Stored data entries:
************

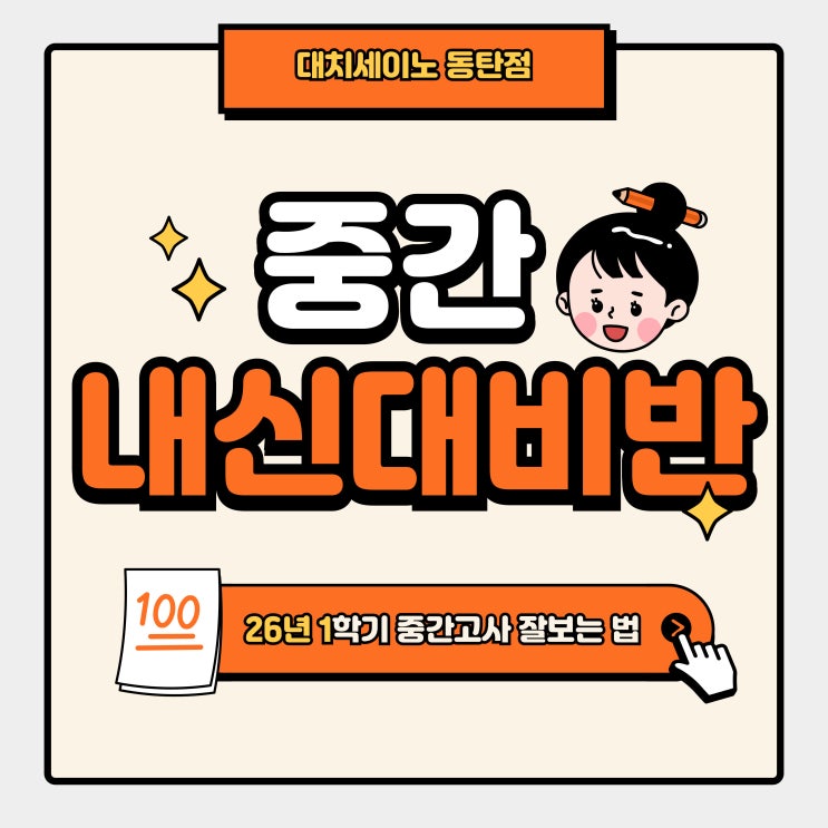 안녕하세요, 대치세이노 동탄점입니다. 새학기 시작한 지 얼마 안 된 것 같지만, 시간은 이미 중간고사로 향하고 있습니다. 이 시기에 가장 많이 나오는 말이 있습니다. “이번 시험은 잘 보고 싶어요.” 그런데 잘 보고 싶은 마음만으로는 안 됩니다. 어떻게 준비하느냐가 결과를 결정합니다. ■ 2026년 1학기 중간고사 대비반 안내 대치세이노 동탄점은 수학 / 과학 / 영어 과목을 과외식 개별진도 수업으로 진행합니다. 중등 내신에서 가장 중요한 건 단순합니다. ✔ 개념을 정확하게 알고 있는지 ✔ 문제를 스스로 풀어봤는지 ✔ 틀린 문제를 제대로 고쳤는지 이 3가지입니다. ■ 세이노 수업은 다르게 합니다 대치세이노 동탄점은 ✔ 한 반....... <img src="https://blogthumb.pstatic.net/MjAyNjAzMTdfNyAg/MDAxNzczNzQ2Nzc4MDM5.AZR_RTdub_60NyCOSQehzU5Rv6hlRFGP1hyg5c_2NjYg.sRUxbensKF5GQDt246RssHy45uYNML6poNqKUBCyJ2Ig.JPEG/%B5%BF%C5%BA-%BC%BC%C0%CC%B3%EB-%B3%BB%BD%C5%B4%EB%BA%F1-001_%281%29.jpg?type=s3" />
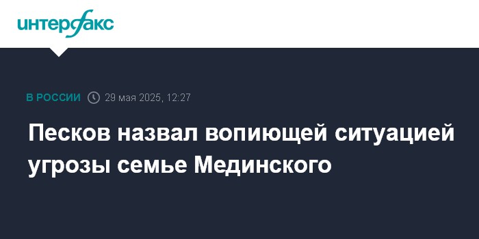 Москва. 29 мая. INTERFAX.RU - Угрозы семье главы российской переговорной команды по украинскому урегулированию Владимира Мединского являются вопиющей ситуацией, заявил пресс-секретарь президента РФ Дмитрий Песков.
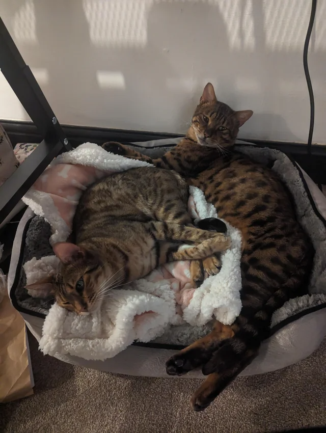 "We adopted a father (Tigger) and daughter (Molly) duo. Tigger adores Molly but he has been very scared of us. We think he was ab*sed by his previous owner and used as a stud. He started to let me sit next to him and stroke him without him freaking out. Last night while I was watching TV in bed he sat between my legs, stretched out and laid his head on my leg, he's the long boi in the picture, if he's sitting up and I rub his belly sometimes he'll just lay down and roll over for my belly rubs. He still won't purr, he's a silent cat (but I've caught him making gentle biscuits in the air) he only yowels for Molly because he misses her. She's never far, but she's a sassy b*tch, she sits with us and ignores him. Molly took no time at all settling with us, Tigger still isn't 100%, but he's showing progress. I just wanted to share how happy I am"
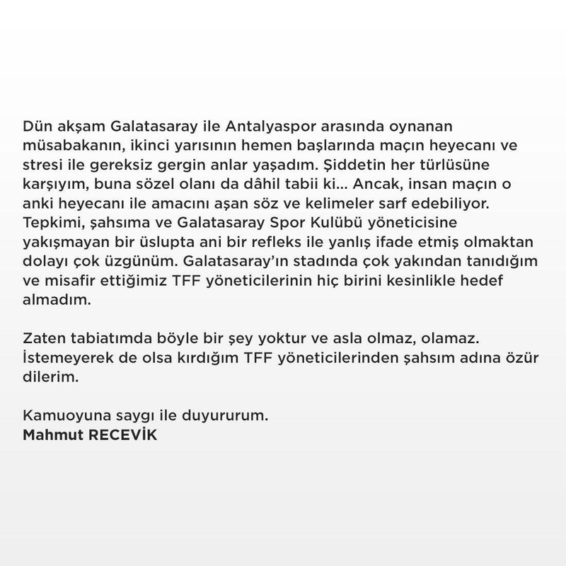 Mahmut Recevik’in yaptığı yazılı açıklama şu halde: “Dün akşam Galatasaray ile Antalyaspor ortasında oynanan karşılaşmanın ikinci yarısının çabucak başlarında maçın heyecanı ve gerilimi ile gereksiz gergin anlar yaşadım. Şiddetin her türlüsüne karşıyım, buna sözel olanı da dahil natürel ki… Lakin insan maçın o anki heyecanı ile gayesini aşan kelam ve sözler sarf edebiliyor. Reaksiyonumu, şahsıma ve Galatasaray Spor Kulübü yöneticisine yakışmayan bir üslupta ani bir refleks ile yanlış söz etmiş olmaktan ötürü çok üzgünüm. Galatasaray’ın stadında çok yakından tanıdığım ve konuk ettiğimiz TFF yöneticilerinin hiçbirini muhakkak amaç almadım. Zati tabiatımda bu türlü bir şey yoktur ve asla olmaz, olamaz. İstemeyerek de olsa kırdığım TFF yöneticilerinden şahsım ismine özür dilerim.”
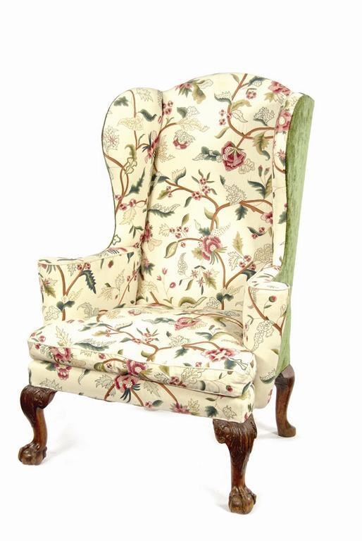 A walnut wing armchair, upholstered modern crewel work, on acanthus carved cabriole front legs and claw and ball feet, previously on castors, 18th century and later. Old chips and losses.
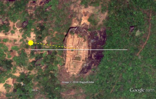 The rock fortress and surrounding complex are rotated approximately 8.5 degrees east of north. Amelia Carolina Sparavigna has determined that the site is aligned to the sunset on the days when the sun at mid-day is directly overhead. At the equator, the sun passes directly overhead on the equinox. The sun can also pass overhead at places near the equator on days surrounding the equinox. For example at Sigiriya, latitude 7.95° N 80.75° E, this happens around September 1 and April 11, which is about twenty days after the spring equinox and twenty days before the fall equinox (Figure 1).
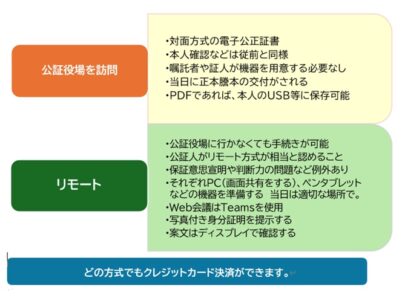 ① 公正証書の内容によりリモートが法で規制されている等の理由でリモート式ができないものがあります。
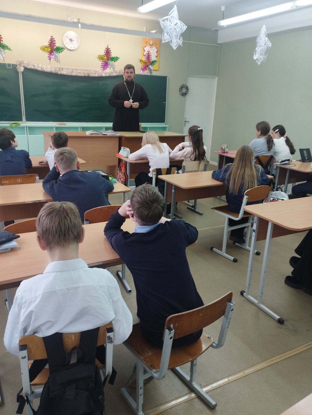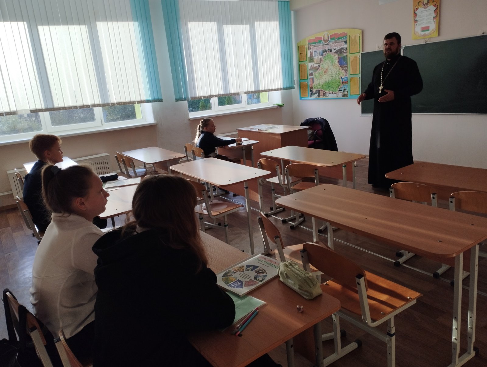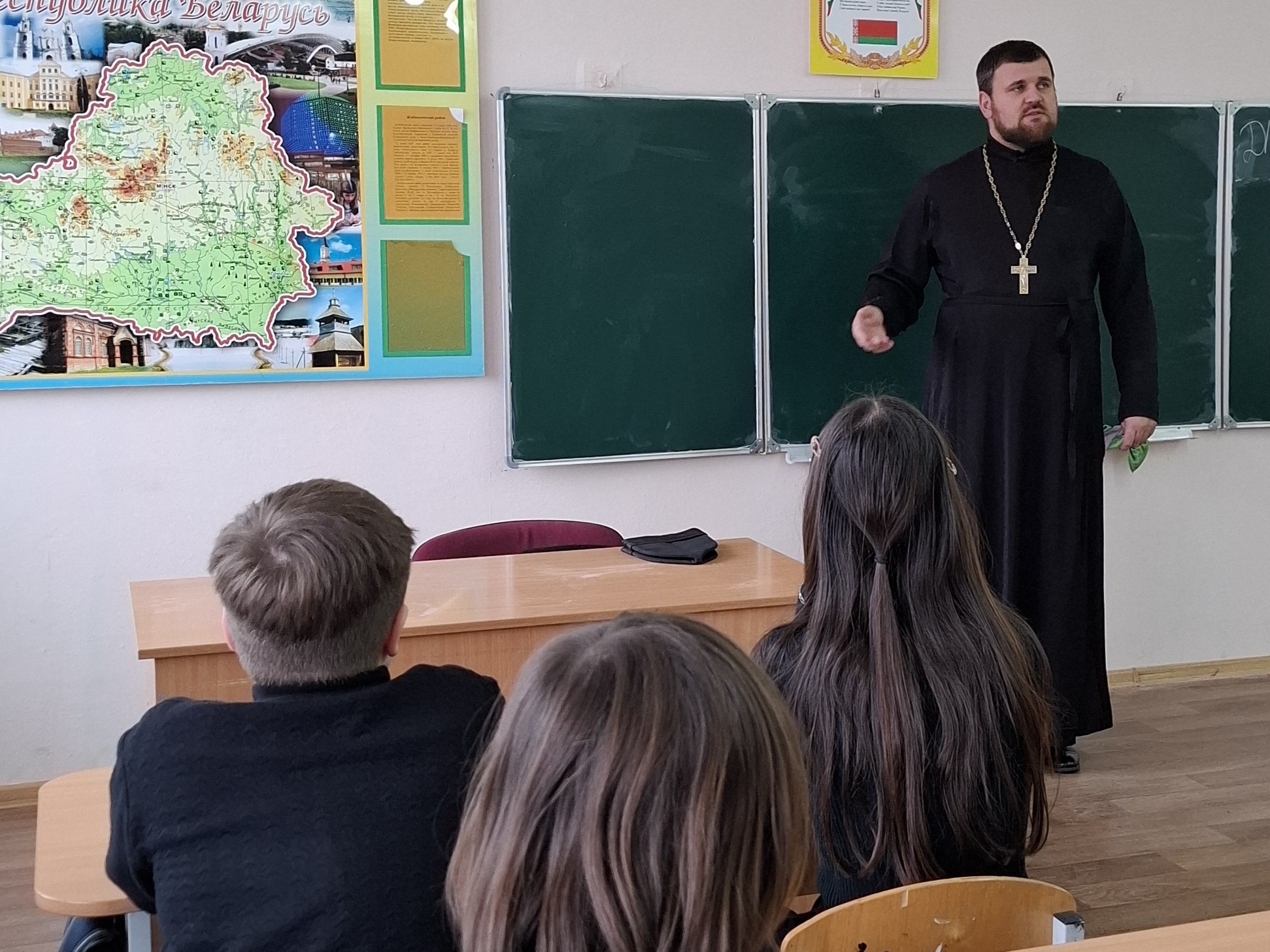 8 декабря 2025 года состоялась встреча настоятеля храма Успения Пресвятой Богородицы в д. Бульково, священника Петра Дударчука с учащимися II ступени общего базового образования (7 класс) ГУО «Ракитницкая средняя школа» Жабинковского района. В рамках беседы священнослужитель рассказал учащимся о вреде сквернословия и о смысле праздника Введения во Храм Пресвятой Богородицы.
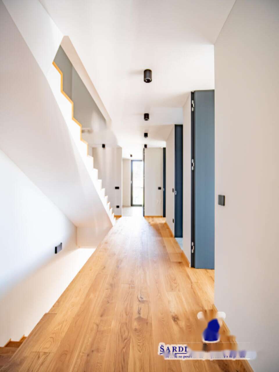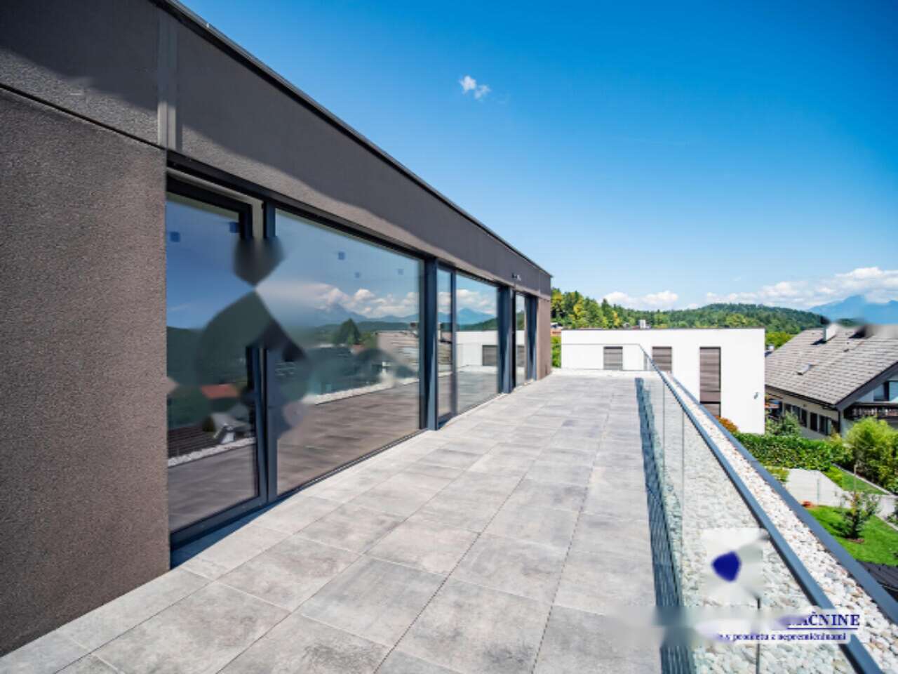 Площадь квартиры составляет 239,9 м², включая 145,6 м² полезной площади (112,9 м² жилой и 32,7 м² кладовой) и две обширные террасы площадью 93,7 м² с живописным видом на окрестности. В доме применены современные экологически чистые технологии: геотермальный тепловой насос, система рекуперации воздуха и биологическая очистка сточных вод, обеспечивая высокий уровень комфорта. Уникальными особенностями являются панорамные окна с тройным остеклением, электрически регулируемые жалюзи, усиленные двери с защитой от вторжения и отпечатка пальца, фасад Jubizol, а также высококачественная внутренняя отделка из керамики и паркета.
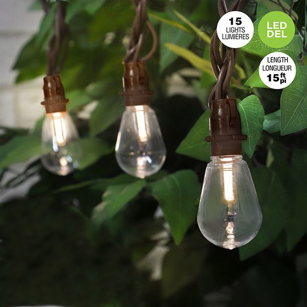 Jeu de 15 lumières avec ampoules Edison, del blanc chaud. 15 pieds de long.
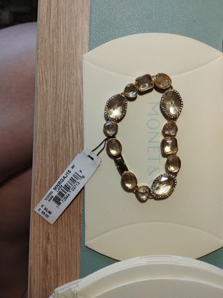 Elegante pulsera de la marca Monet, con un diseño delicado y brillante. - Detalles de diamantes. - Acabado dorado.
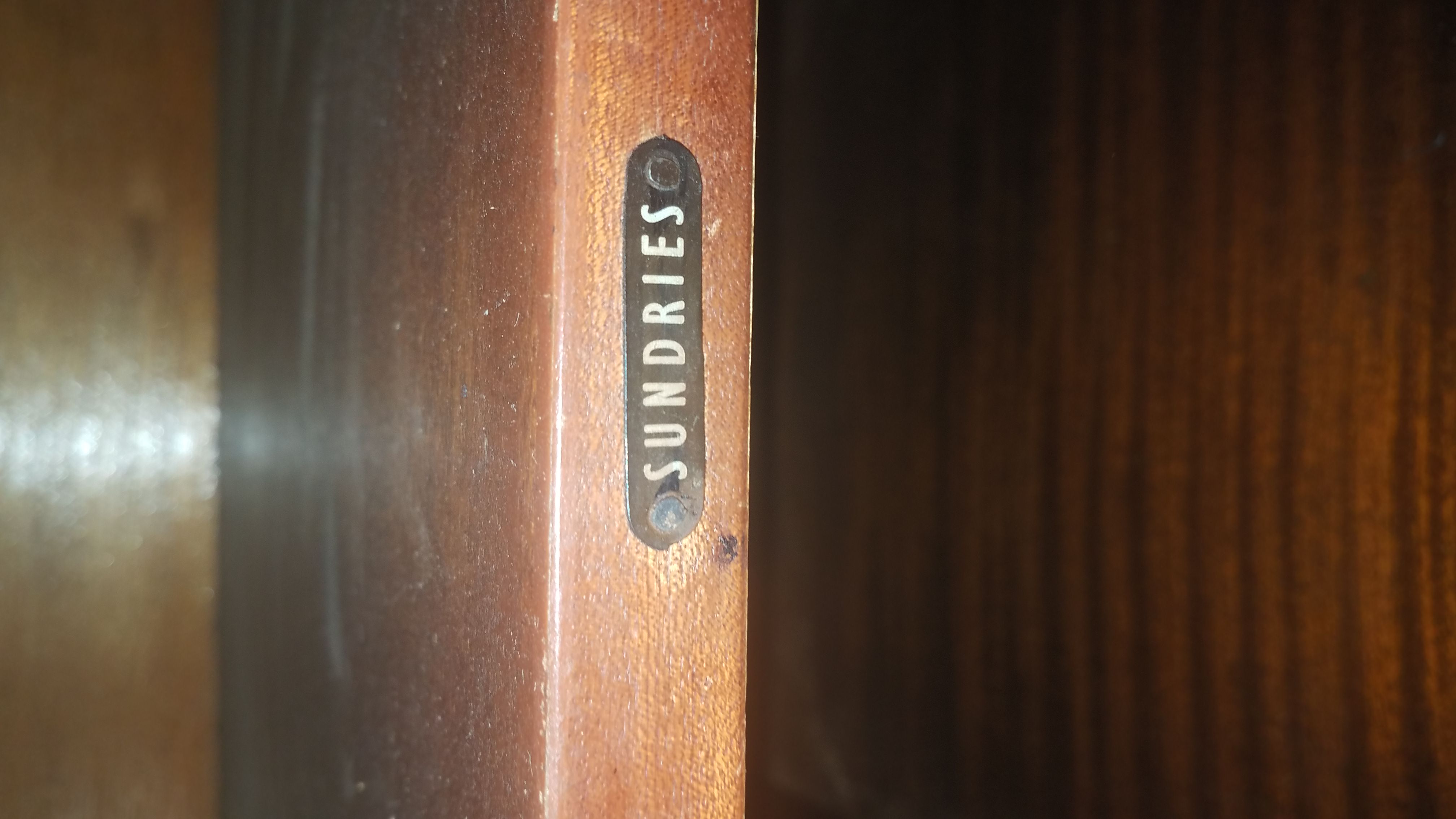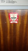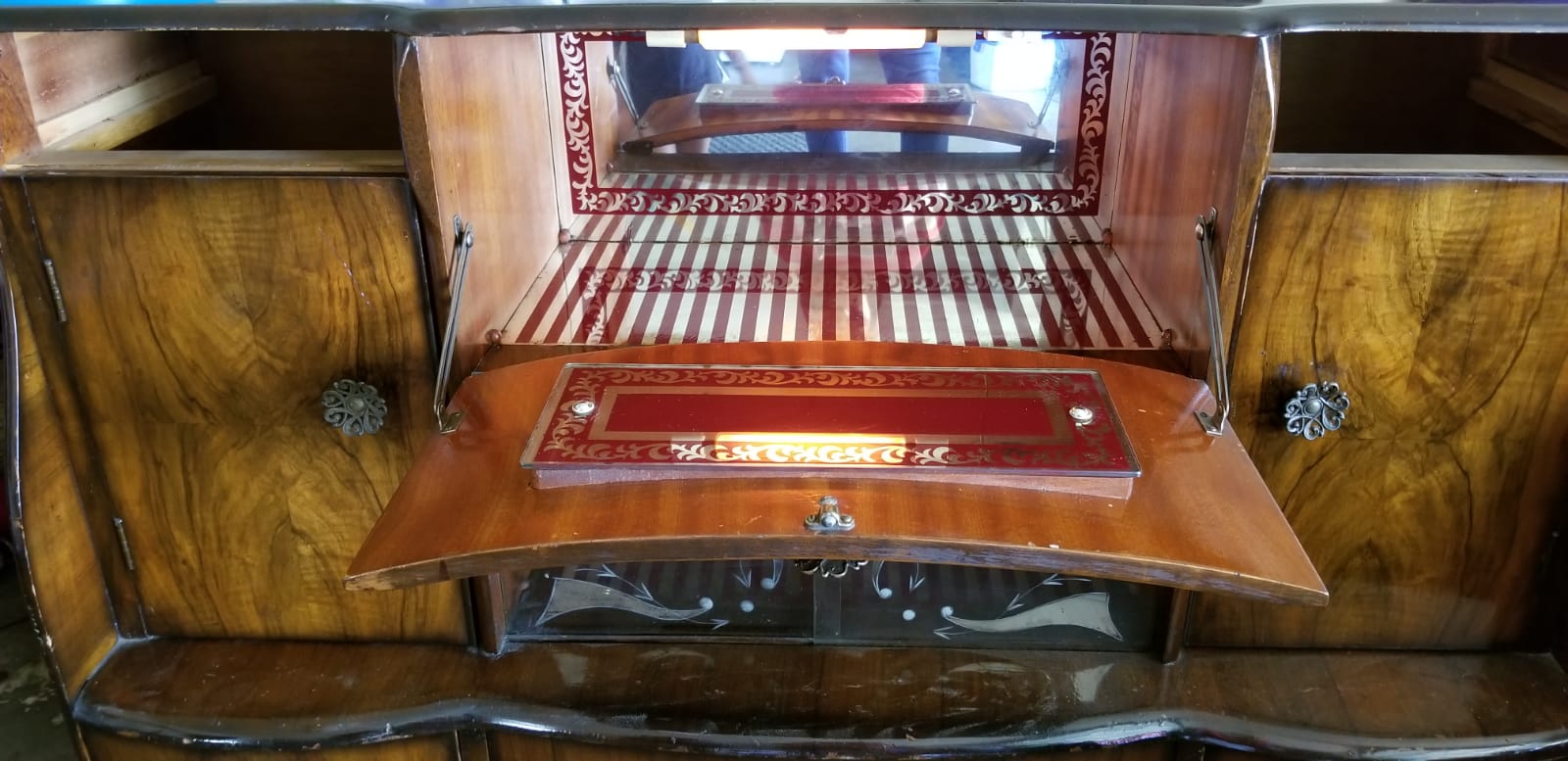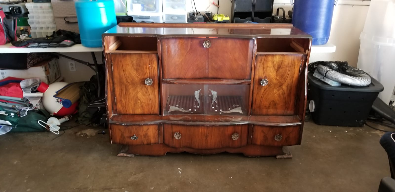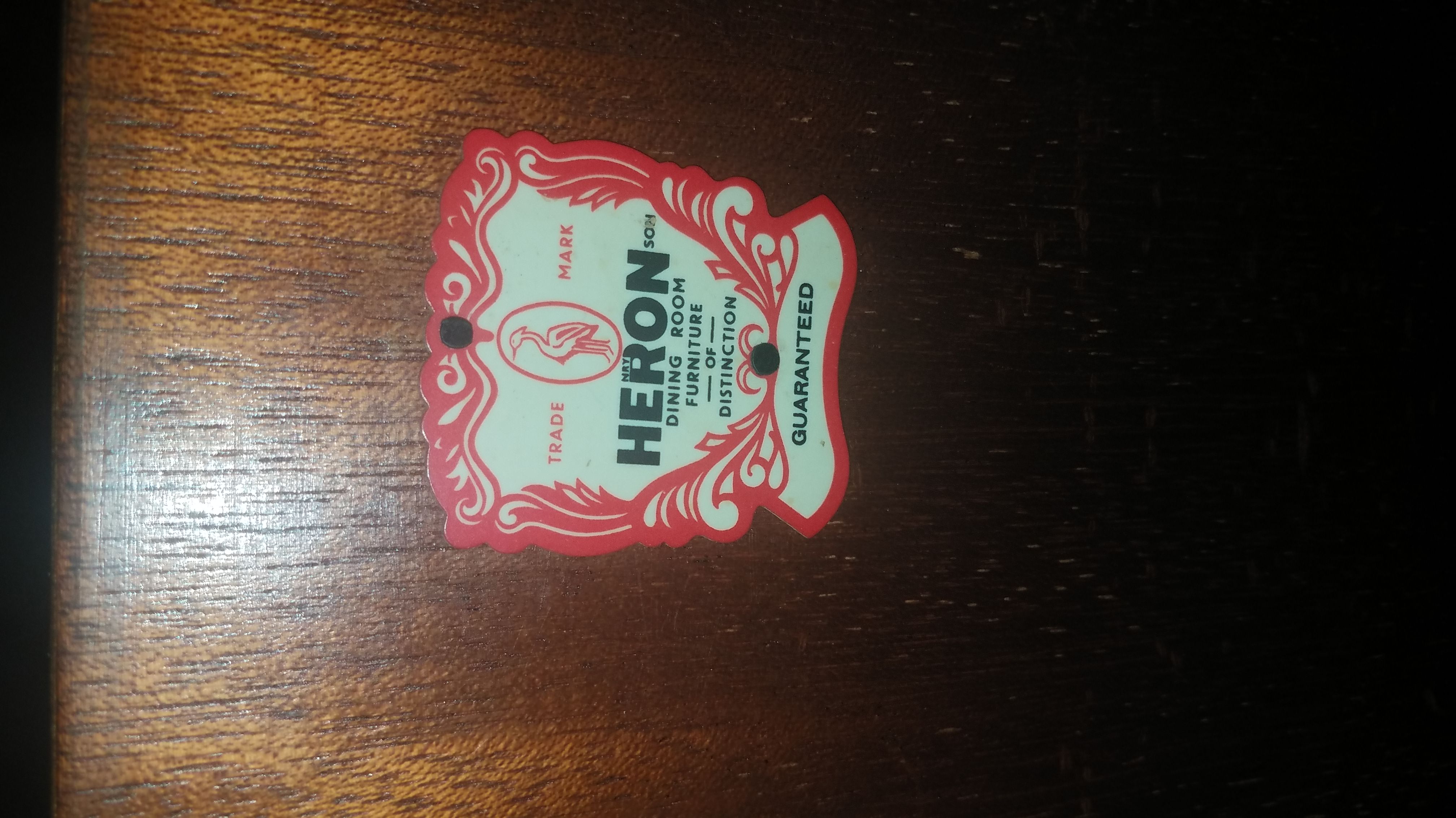 Antique bar it says heron dinning room furniture of distinction in one of the doors, it has light, and glass inside with design, two glass doors with design, heavy very nice piece, etc...

************

Task requirements:
Every line above in the stretch from the one with "A walnut wing" through the one with "① 公正証書の内容によりリモ" is to be transcribed exactly, ends included. No picture is copied.

The answer:
 A walnut wing armchair, upholstered modern crewel work, on acanthus carved cabriole front legs and claw and ball feet, previously on castors, 18th century and later. Old chips and losses.
 The rock fortress and surrounding complex are rotated approximately 8.5 degrees east of north. Amelia Carolina Sparavigna has determined that the site is aligned to the sunset on the days when the sun at mid-day is directly overhead. At the equator, the sun passes directly overhead on the equinox. The sun can also pass overhead at places near the equator on days surrounding the equinox. For example at Sigiriya, latitude 7.95° N 80.75° E, this happens around September 1 and April 11, which is about twenty days after the spring equinox and twenty days before the fall equinox (Figure 1).
 ① 公正証書の内容によりリモートが法で規制されている等の理由でリモート式ができないものがあります。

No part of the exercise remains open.